▶ [Task instructions]: Would you reproduce exactly the lines below from the one holding "透け感のあるビーズでできた花" through the one holding "Untuk Armada Pelanggan**.", inclusive, and no others?

▶ [Excerpted data]:
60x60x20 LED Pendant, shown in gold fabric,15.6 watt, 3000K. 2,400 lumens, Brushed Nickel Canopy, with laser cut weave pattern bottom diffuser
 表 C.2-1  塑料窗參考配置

...

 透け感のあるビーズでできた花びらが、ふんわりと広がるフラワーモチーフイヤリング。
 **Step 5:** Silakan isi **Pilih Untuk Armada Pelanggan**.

---

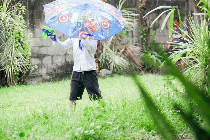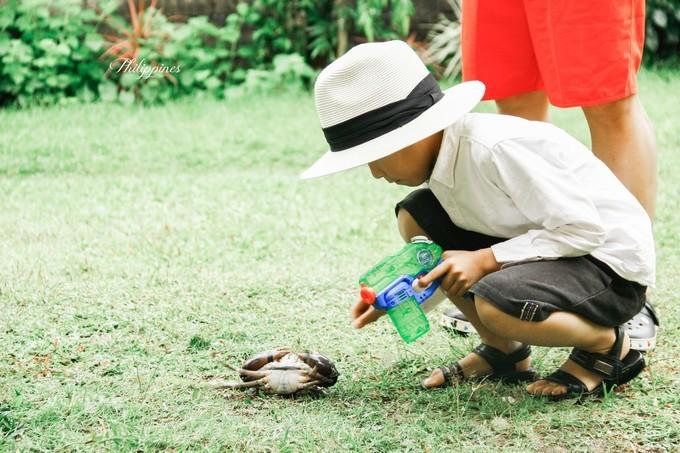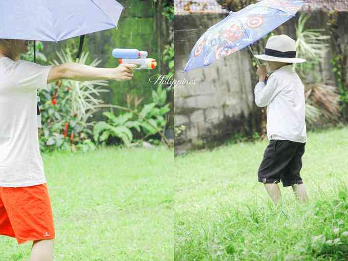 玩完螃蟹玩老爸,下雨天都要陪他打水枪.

▶ [Response to the exercise]:
 透け感のあるビーズでできた花びらが、ふんわりと広がるフラワーモチーフイヤリング。
 **Step 5:** Silakan isi **Pilih Untuk Armada Pelanggan**.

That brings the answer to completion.